■ Exercise directions ■
Write each line out exactly, from the one containing "Vídeos do evento" through the final line of the data, and keep pictures out of the copy.

■ Records provided ■
══════

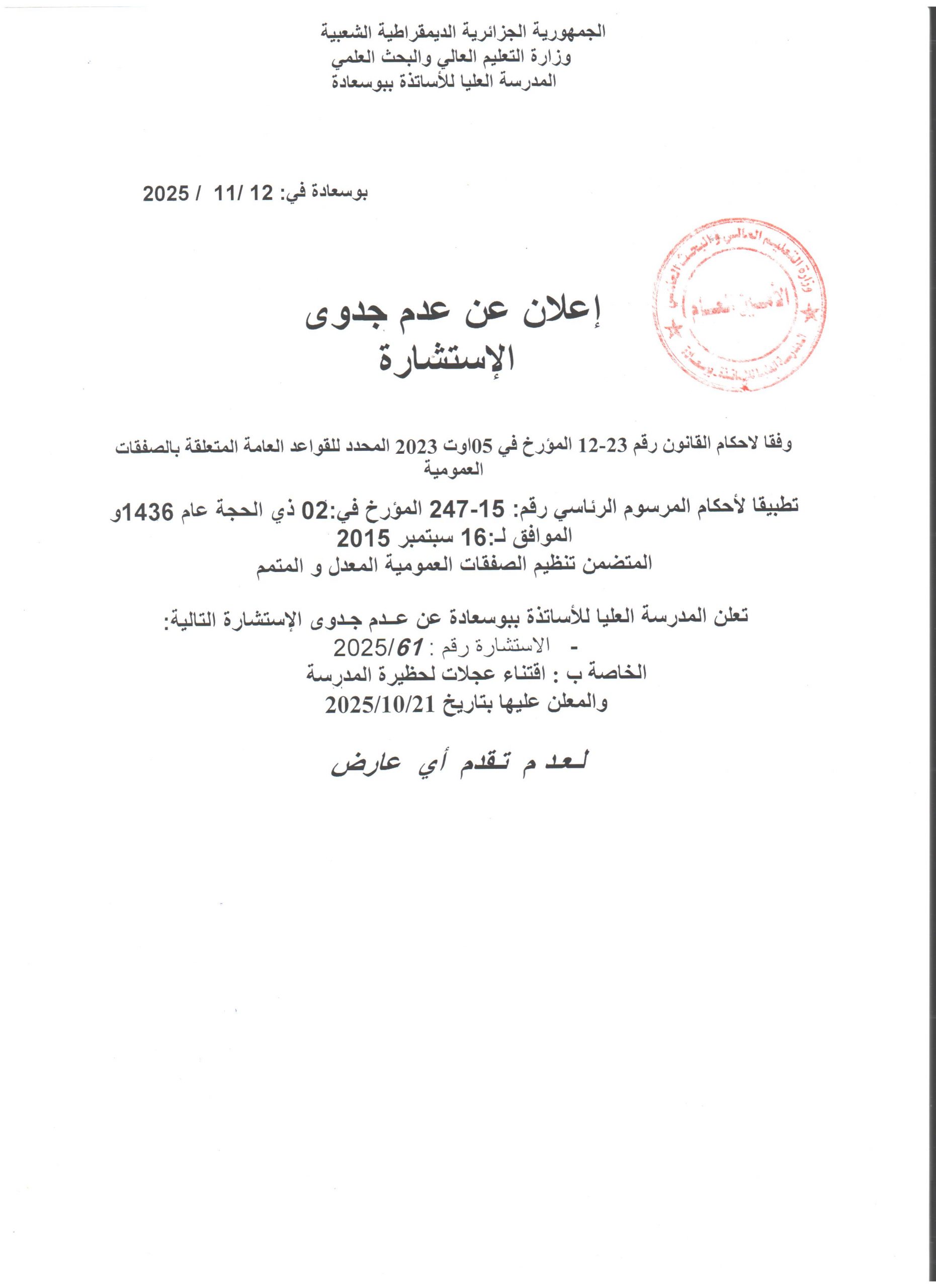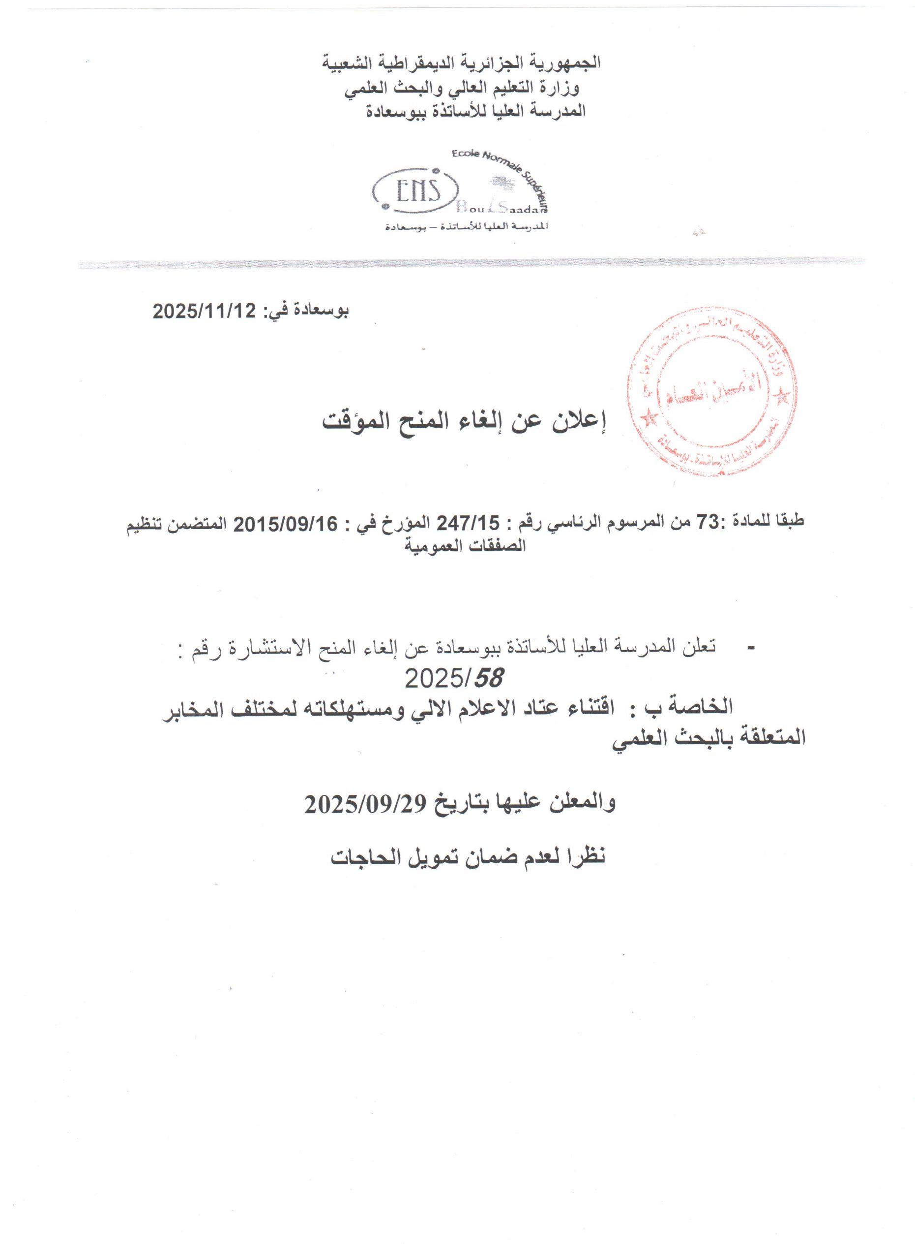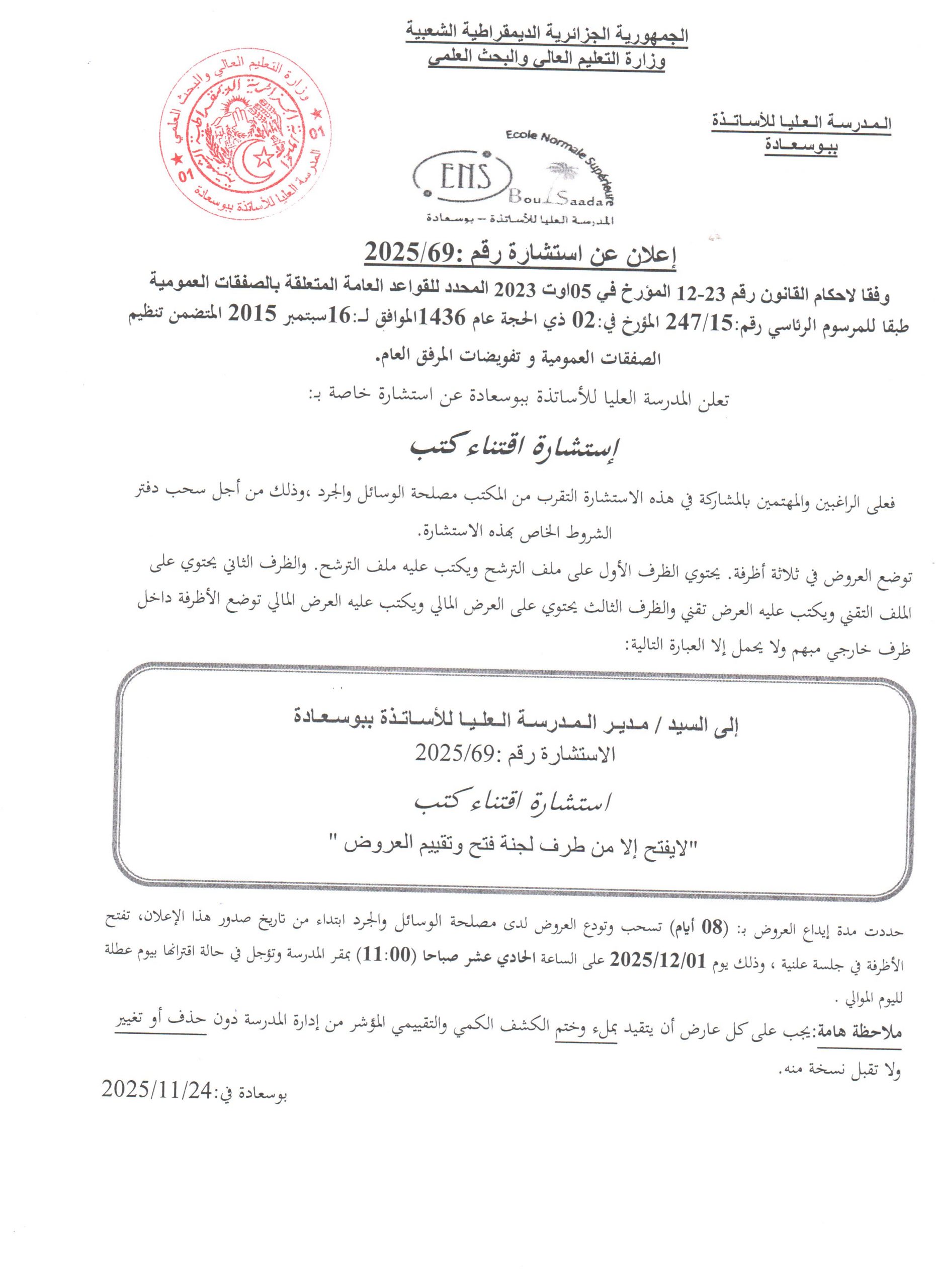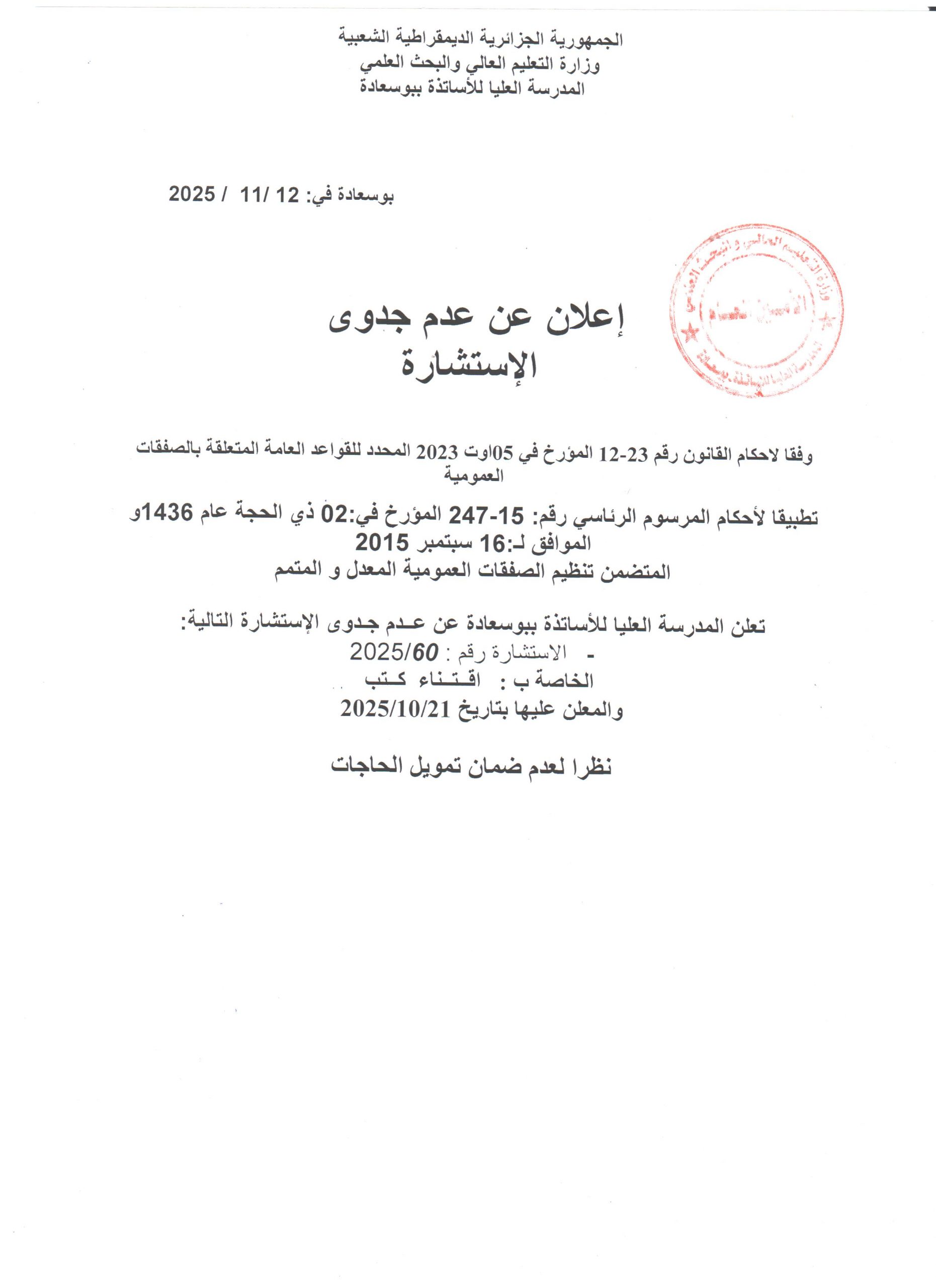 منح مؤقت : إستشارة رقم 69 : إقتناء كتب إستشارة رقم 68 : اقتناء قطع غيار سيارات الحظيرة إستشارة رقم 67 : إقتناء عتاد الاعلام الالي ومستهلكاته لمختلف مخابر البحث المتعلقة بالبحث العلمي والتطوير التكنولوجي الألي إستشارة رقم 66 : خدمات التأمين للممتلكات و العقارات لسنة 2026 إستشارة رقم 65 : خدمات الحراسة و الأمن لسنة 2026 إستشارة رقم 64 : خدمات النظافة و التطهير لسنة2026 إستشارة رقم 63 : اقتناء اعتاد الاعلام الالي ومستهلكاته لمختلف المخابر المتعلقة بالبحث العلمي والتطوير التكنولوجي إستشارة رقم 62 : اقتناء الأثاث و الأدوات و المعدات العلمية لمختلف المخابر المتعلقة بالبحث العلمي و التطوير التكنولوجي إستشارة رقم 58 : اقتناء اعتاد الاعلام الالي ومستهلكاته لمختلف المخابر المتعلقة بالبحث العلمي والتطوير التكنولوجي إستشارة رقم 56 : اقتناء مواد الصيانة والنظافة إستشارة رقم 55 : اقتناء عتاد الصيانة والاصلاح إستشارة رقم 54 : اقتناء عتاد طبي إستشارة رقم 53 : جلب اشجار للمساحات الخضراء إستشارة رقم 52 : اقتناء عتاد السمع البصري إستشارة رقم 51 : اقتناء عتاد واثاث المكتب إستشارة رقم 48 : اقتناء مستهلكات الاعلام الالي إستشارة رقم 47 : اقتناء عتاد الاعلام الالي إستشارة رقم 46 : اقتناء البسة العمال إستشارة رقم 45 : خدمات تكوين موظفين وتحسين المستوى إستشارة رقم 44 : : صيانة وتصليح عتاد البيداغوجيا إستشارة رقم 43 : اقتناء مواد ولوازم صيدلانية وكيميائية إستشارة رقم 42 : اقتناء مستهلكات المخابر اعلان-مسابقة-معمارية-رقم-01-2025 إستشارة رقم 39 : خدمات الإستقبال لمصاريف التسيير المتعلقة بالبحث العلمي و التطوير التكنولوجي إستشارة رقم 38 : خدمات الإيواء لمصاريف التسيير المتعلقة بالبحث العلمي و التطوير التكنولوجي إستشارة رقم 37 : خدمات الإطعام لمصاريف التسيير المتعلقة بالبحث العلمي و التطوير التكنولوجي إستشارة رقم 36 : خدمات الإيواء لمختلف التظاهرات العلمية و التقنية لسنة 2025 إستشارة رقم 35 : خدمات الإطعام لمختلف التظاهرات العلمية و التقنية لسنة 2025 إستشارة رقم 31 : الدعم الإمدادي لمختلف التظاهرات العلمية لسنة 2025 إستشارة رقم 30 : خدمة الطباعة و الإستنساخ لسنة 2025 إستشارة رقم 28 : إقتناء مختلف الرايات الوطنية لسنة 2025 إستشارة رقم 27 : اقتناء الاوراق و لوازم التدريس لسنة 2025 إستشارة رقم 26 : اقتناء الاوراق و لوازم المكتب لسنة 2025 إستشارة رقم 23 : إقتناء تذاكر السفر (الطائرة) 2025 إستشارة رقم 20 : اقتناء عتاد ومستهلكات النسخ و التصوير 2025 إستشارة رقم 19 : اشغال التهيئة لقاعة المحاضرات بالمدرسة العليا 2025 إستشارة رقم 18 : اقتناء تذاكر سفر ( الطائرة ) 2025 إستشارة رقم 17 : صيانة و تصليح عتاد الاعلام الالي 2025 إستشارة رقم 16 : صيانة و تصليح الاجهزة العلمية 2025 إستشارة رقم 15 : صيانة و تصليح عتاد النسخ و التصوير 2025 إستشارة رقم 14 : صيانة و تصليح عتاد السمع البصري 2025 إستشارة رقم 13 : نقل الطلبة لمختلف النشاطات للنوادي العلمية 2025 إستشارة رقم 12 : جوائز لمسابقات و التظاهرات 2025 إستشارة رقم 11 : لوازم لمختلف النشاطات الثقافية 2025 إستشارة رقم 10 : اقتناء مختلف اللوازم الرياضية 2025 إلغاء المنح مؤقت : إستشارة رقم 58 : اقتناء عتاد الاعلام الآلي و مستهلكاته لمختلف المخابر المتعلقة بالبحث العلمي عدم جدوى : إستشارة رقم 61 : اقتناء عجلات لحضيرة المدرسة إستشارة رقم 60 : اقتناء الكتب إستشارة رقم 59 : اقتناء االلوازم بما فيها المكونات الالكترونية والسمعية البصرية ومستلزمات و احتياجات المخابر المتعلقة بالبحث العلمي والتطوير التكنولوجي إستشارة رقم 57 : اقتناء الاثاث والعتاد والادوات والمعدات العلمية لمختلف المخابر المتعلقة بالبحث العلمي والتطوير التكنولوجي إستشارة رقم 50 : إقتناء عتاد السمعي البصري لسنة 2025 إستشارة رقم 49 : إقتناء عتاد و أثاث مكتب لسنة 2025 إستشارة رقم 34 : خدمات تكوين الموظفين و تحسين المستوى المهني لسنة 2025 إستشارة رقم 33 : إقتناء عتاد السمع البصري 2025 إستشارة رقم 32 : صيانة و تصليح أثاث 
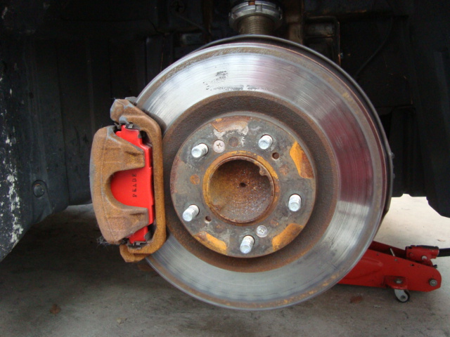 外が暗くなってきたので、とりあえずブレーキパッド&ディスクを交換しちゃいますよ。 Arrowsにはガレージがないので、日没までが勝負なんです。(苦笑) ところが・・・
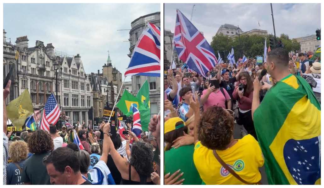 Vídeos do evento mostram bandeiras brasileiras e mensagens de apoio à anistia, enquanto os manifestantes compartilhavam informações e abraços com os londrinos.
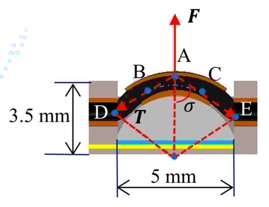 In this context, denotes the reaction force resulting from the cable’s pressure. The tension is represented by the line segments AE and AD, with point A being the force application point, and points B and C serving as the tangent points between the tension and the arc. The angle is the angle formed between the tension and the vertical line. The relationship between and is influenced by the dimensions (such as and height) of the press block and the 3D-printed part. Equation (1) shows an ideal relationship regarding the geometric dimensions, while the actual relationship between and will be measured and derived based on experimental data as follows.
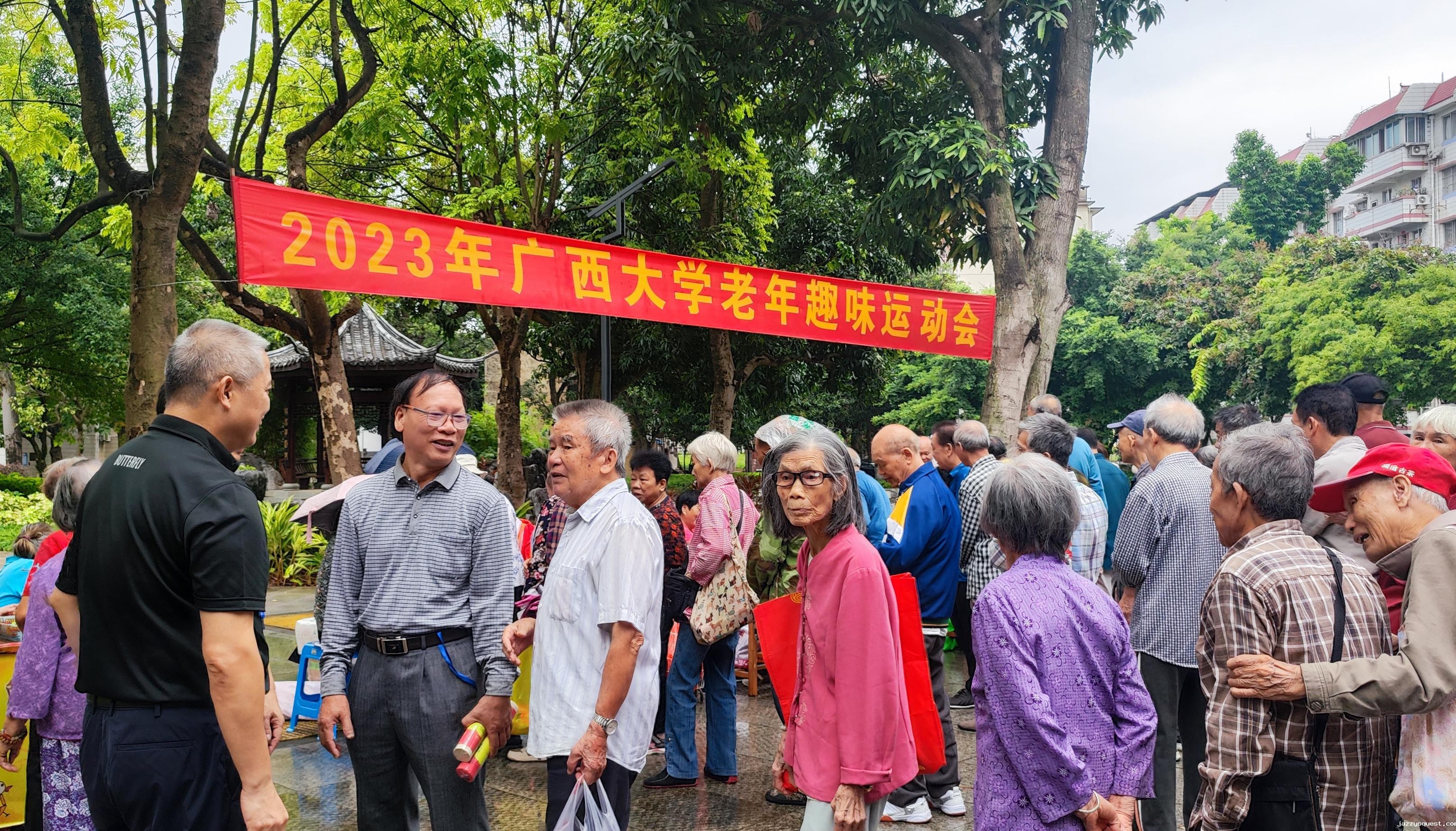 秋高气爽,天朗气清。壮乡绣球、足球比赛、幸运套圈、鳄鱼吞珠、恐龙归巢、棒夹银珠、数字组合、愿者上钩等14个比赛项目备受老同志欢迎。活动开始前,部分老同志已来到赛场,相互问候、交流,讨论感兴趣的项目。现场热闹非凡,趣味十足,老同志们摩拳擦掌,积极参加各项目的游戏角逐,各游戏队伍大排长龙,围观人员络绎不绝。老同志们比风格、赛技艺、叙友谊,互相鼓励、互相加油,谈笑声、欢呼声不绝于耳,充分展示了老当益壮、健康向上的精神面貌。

══════

■ Result ■
 Vídeos do evento mostram bandeiras brasileiras e mensagens de apoio à anistia, enquanto os manifestantes compartilhavam informações e abraços com os londrinos.
 In this context, denotes the reaction force resulting from the cable’s pressure. The tension is represented by the line segments AE and AD, with point A being the force application point, and points B and C serving as the tangent points between the tension and the arc. The angle is the angle formed between the tension and the vertical line. The relationship between and is influenced by the dimensions (such as and height) of the press block and the 3D-printed part. Equation (1) shows an ideal relationship regarding the geometric dimensions, while the actual relationship between and will be measured and derived based on experimental data as follows.
 秋高气爽,天朗气清。壮乡绣球、足球比赛、幸运套圈、鳄鱼吞珠、恐龙归巢、棒夹银珠、数字组合、愿者上钩等14个比赛项目备受老同志欢迎。活动开始前,部分老同志已来到赛场,相互问候、交流,讨论感兴趣的项目。现场热闹非凡,趣味十足,老同志们摩拳擦掌,积极参加各项目的游戏角逐,各游戏队伍大排长龙,围观人员络绎不绝。老同志们比风格、赛技艺、叙友谊,互相鼓励、互相加油,谈笑声、欢呼声不绝于耳,充分展示了老当益壮、健康向上的精神面貌。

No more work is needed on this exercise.